King of the Xia dynasty
- Predecessor: Huai
- Successor: Xie of Xia
- Spouse: Consort of Mang
- Issue: Xie of Xia
- Father: Huai of Xia

= Mang of Xia =

Máng (芒 (Wang), read Wáng according to Sima Zhen) was the ninth king of the semi-legendary Xia dynasty. He possibly ruled 18 years. He was also known as Huang (荒).

Emperor Si Mang established a Sinking Sacrifice Ceremony (沉祭 Chen Ji) in which three common livestock animals (a cow, a pig & a sheep) & a memorial jade were sunk into the Yellow River as offerings to water spirits for peace & safety. Sinking sacrifices have since found widespread importance throughout Chinese history.

== Family ==
Máng's father was king Huai of Xia, son of the king Zhu of Xia.
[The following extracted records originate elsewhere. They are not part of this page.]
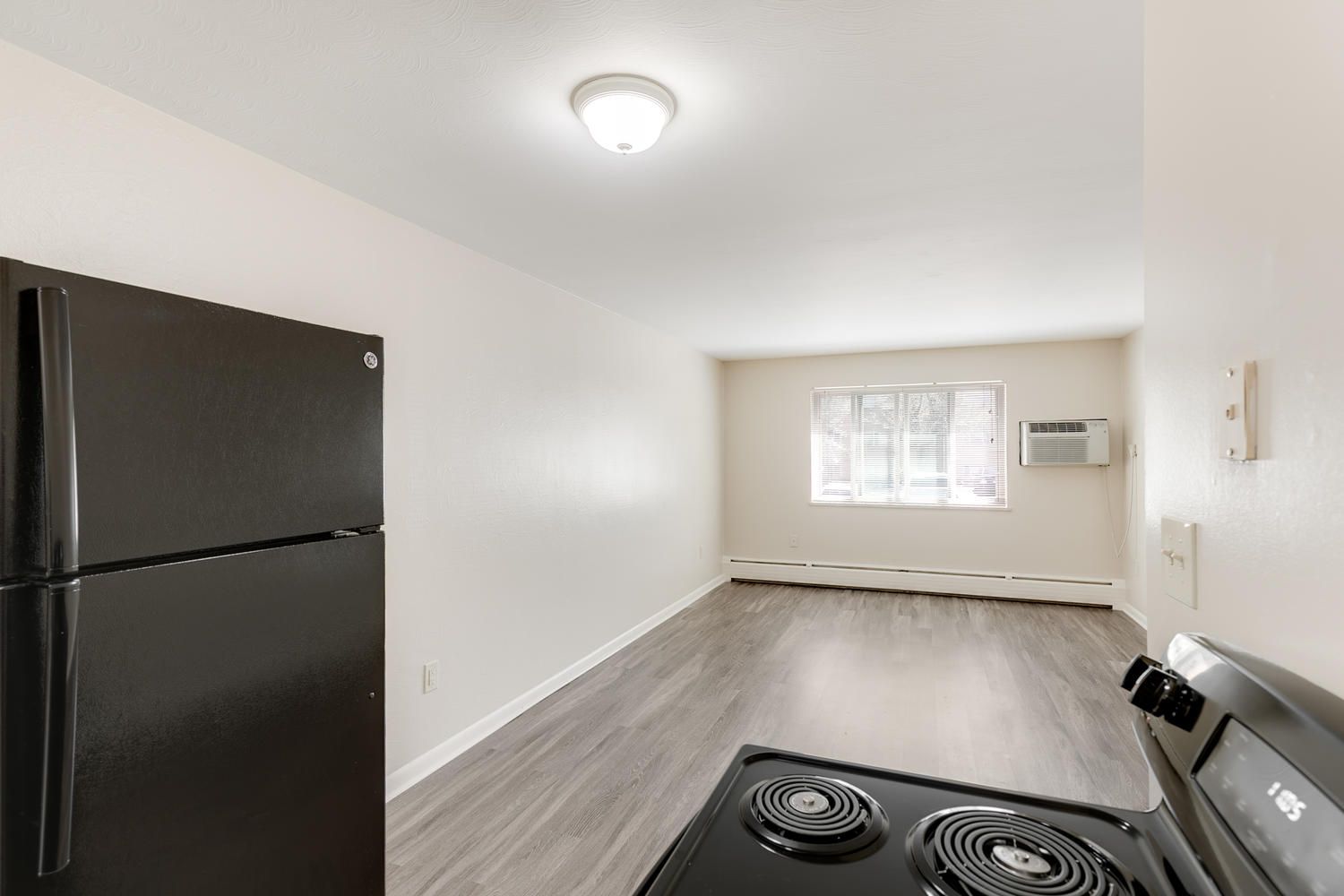 The studio apartment is ideal for singles in Littleton, CO who need minimal space and want to maximize every inch of their living space. It is 450 square feet, and the open design allows occupants to make use of every inch of that space. Your studio apartment will have individually controlled heating, a wall unit air conditioner and all of the kitchen appliances you need. The studio apartments have been newly remodeled, and they feature double paned sliding windows to allow ample natural light in while also protecting your energy bills. Upgrade light fixtures, new mini blinds and kitchen appliances ensure you are comfortable in your new home.
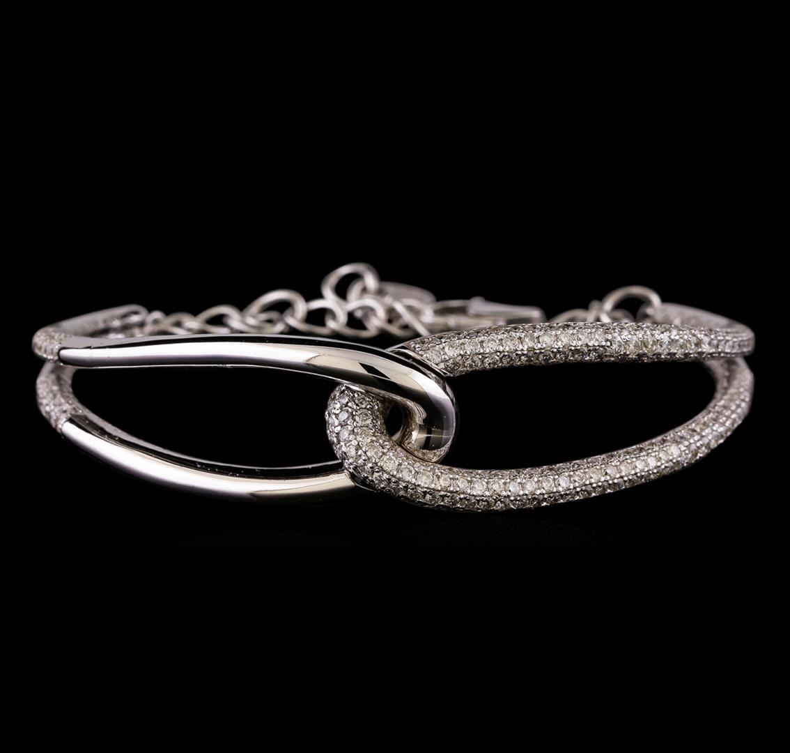 One electronically tested 14KT white gold lady's combination cast & assembled fashion cuff bracelet with a lobster claw clasp with a bright polish finish. The featured lady's cuff bracelet has an attached 4.4mm linked chain and can be worn between seven and eight inches in length, Identified with markings of 'K14'. Condition is new, good workmanship. Containing: Thirty prong set round brilliant cut diamonds, measuring 1.85 - 1.75 x 1.12mm (depth est.) approximate total weight of 30 Stones = 0.66ct. Graded in the setting. Clarity SI-1 to SI-2. Color: G - I Cut Good Two Hundred Forty-Nine prong set round brilliant cut diamonds, measuring 1.50 - 1.35 x 0.89mm (depth est.) approximate total weight of 249 Stones = 2.79ct. Graded in the setting. Clarity SI-1 to SI-2. Color: G - I Cut Good Six prong set round brilliant cut diamonds, measuring 1.10 - 1.05 x 0.67mm (depth est.) approximate total weight of 6 Stones = 0.03ct. Graded in the setting. Clarity SI-1 to SI-2. Color: G - I Cut Good. Total Weight of Diamonds 3.48ct.. Total Weight of Bracelet 19.40gm. GAS Appraised at $12,965.00.
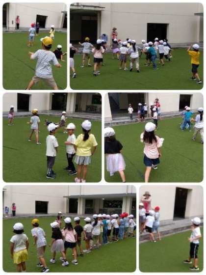 1学期のお楽しみ会の様子です。1年生は、中庭で「だるまさんがころんだ」をしていました。じっとして、動かないようにしている姿がとてもかわいらしいですね。

Mother of Máng was an unknown lady, consort of Huai.

He had a consort who bore him a son Xie. Máng's grandsons were Jiong of Xia and wise Bu Jiang.

== Biography ==
Máng took the throne after his father's death, in the year of Renshen (壬申). He celebrated his inauguration by giving precious jades to all his vassals.

In the 33rd year of his regime, the Shang vassal Zihai (子亥) moved his capital from Shangqiu (商丘) to Yin (殷) for the very first time.

According to the Bamboo Annals, Máng caught a big fish when he was sailing in the East China Sea.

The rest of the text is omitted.